→ **Try it**:
The expected result is a verbatim repetition of the lines from the start of the entries through the line containing "경기헤드뉴스 성미연 기자", with the pictures removed.

(Records for the exercise Opens)

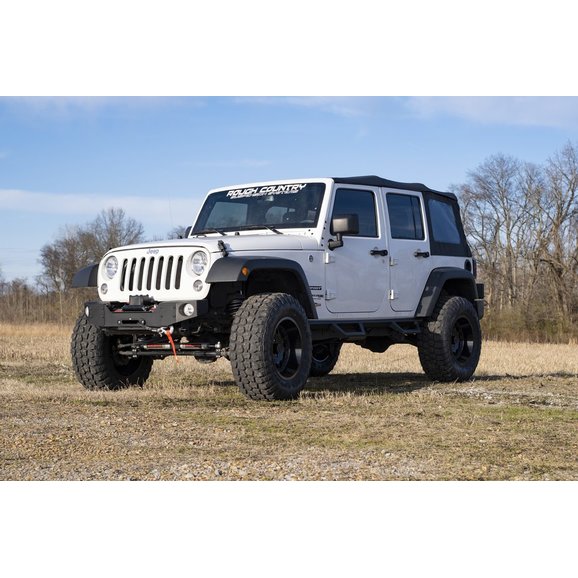 Combination Lift: Rough Country uses a combination of lifted coil springs and 3/4" coil spacers for their 3.25in Suspension and Spacer Lift Kit. This lift will allow you to fit 35x12.50 tires on your four door Jeep Wrangler JK. You will also need between 4.5” and 4.75” of backspacing, so if you are using factory wheels, then you will need 1.5” wheel spacers.
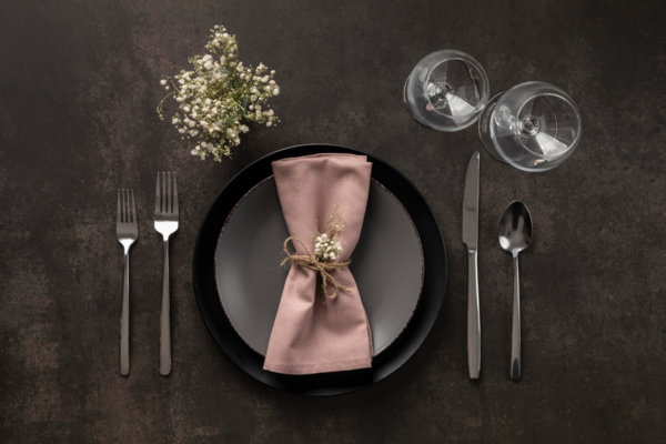 - الكؤوس: ضعي كأس الماء أعلى السكين مباشرةً. إذا كنتِ تقدمين مشروبات طبيعية أخرى، ضعي كؤوسها على يمين كأس الماء.
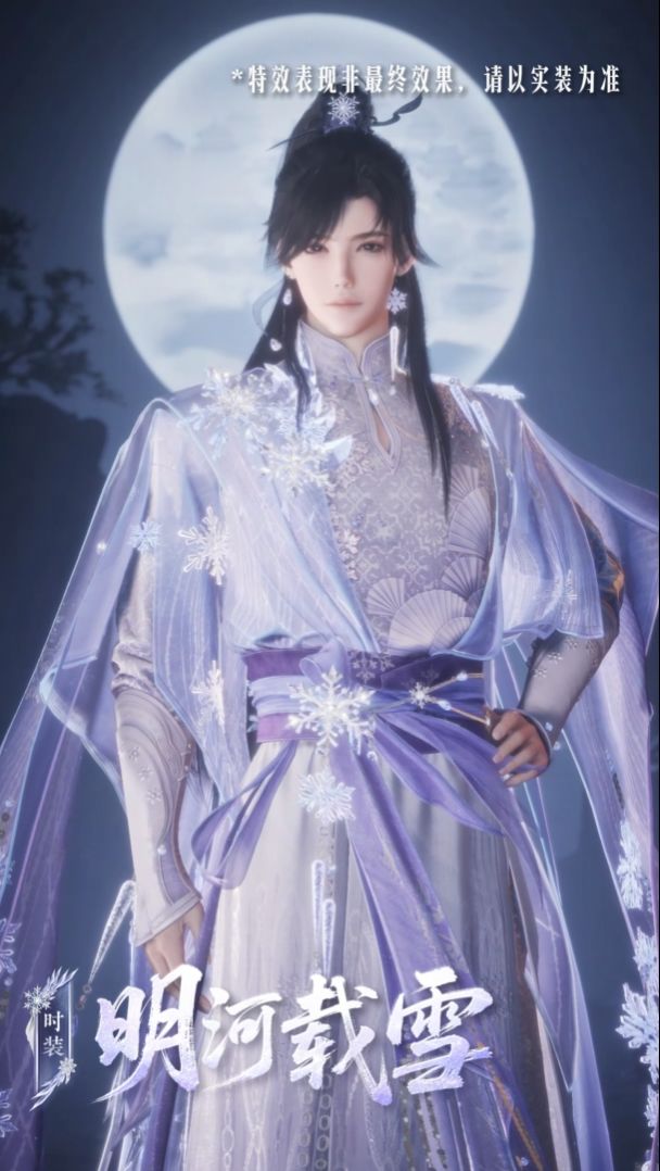 本周即将上架的全新套装【明河载雪】正取意于此间景致。此外,还有全新发型【寒英】、全新「天志垂象」武学特效【青翼垂天】同步上架——
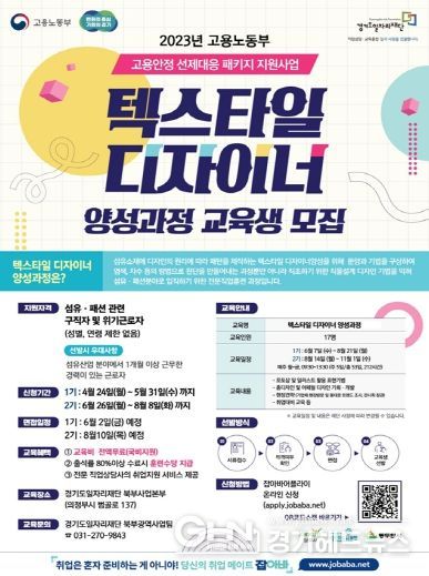 경기헤드뉴스 성미연 기자 | 경기도와 경기도일자리재단이 경기북부 섬유산업의 인력난 해소를 위해 다음달 8일까지 ‘텍스타일 디자이너 양성과정’ 2기 교육생을 모집한다.
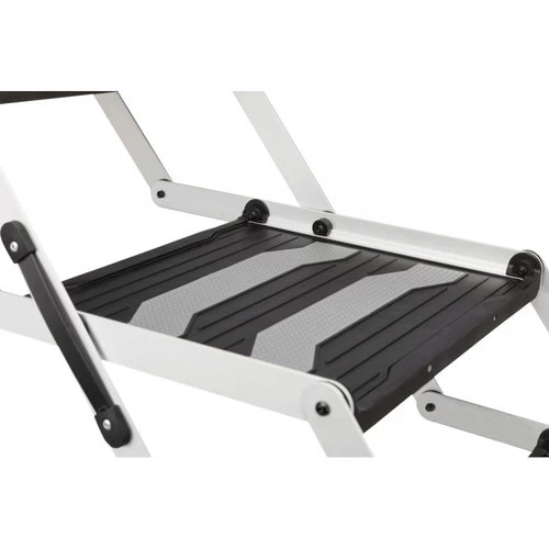 Wenn Sie Ihren Hund oft mit ins Auto nehmen oder wenn er seine Gelenke aus großen Höhen oft belasten muss, dann ist die Klapptreppe von Trixie eine gute Lösung. Die Treppe kann leicht ausgeklappt werden, um eine Treppe zu bilden. Diese Funktion erleichtert das Zusammenklappen und die Treppe kann problemlos am Griff getragen werden. Durch die rutschfeste Schicht rutscht Ihr Hund nicht so leicht. Die Treppe besteht aus Aluminium und Kunststoff und ist leicht zu reinigen.
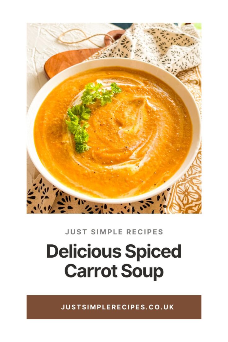 Serve spiced carrot soup hot with crusty bread or flatbread brushed lightly with butter for extra richness. A small swirl of cream or yoghurt adds contrast, and toasted seeds bring texture. If you prefer something more substantial, pair it with a simple salad or roasted sweet potato wedges.
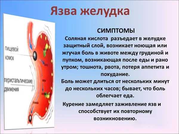 Иногда после успешного лечения язва «открывается» повторно, даже если человек делал все, чтобы это предотвратить. Однако особенно рискуют курящие, любители алкоголя, а также те, кто продолжает принимать нестероидные противовоспалительные препараты. В случае появления тупой или жгучей боли в верхней части живота необходимо как можно скорее пройти диагностику.
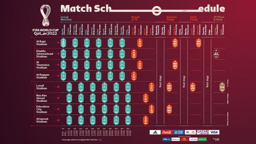 La FIFA publicó este miércoles el calendario del Mundial de Qatar 2022.
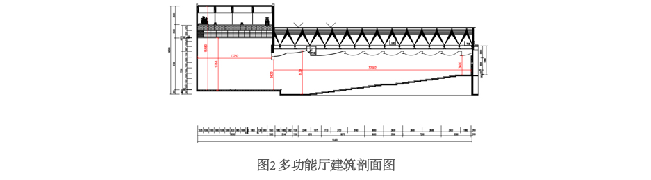 多功能廳觀眾廳平面呈鐘形,觀眾廳長37m,寬32m,最高點8.1m,最低點3.6m。舞臺面比第一排高0.8m。觀眾廳為大跨度的輕質(zhì)屋面,舞臺屋面為混凝土樓板。

(Records for the exercise Closes)

→ **Solution**:
 Combination Lift: Rough Country uses a combination of lifted coil springs and 3/4" coil spacers for their 3.25in Suspension and Spacer Lift Kit. This lift will allow you to fit 35x12.50 tires on your four door Jeep Wrangler JK. You will also need between 4.5” and 4.75” of backspacing, so if you are using factory wheels, then you will need 1.5” wheel spacers.
 - الكؤوس: ضعي كأس الماء أعلى السكين مباشرةً. إذا كنتِ تقدمين مشروبات طبيعية أخرى، ضعي كؤوسها على يمين كأس الماء.
 本周即将上架的全新套装【明河载雪】正取意于此间景致。此外,还有全新发型【寒英】、全新「天志垂象」武学特效【青翼垂天】同步上架——
 경기헤드뉴스 성미연 기자 | 경기도와 경기도일자리재단이 경기북부 섬유산업의 인력난 해소를 위해 다음달 8일까지 ‘텍스타일 디자이너 양성과정’ 2기 교육생을 모집한다.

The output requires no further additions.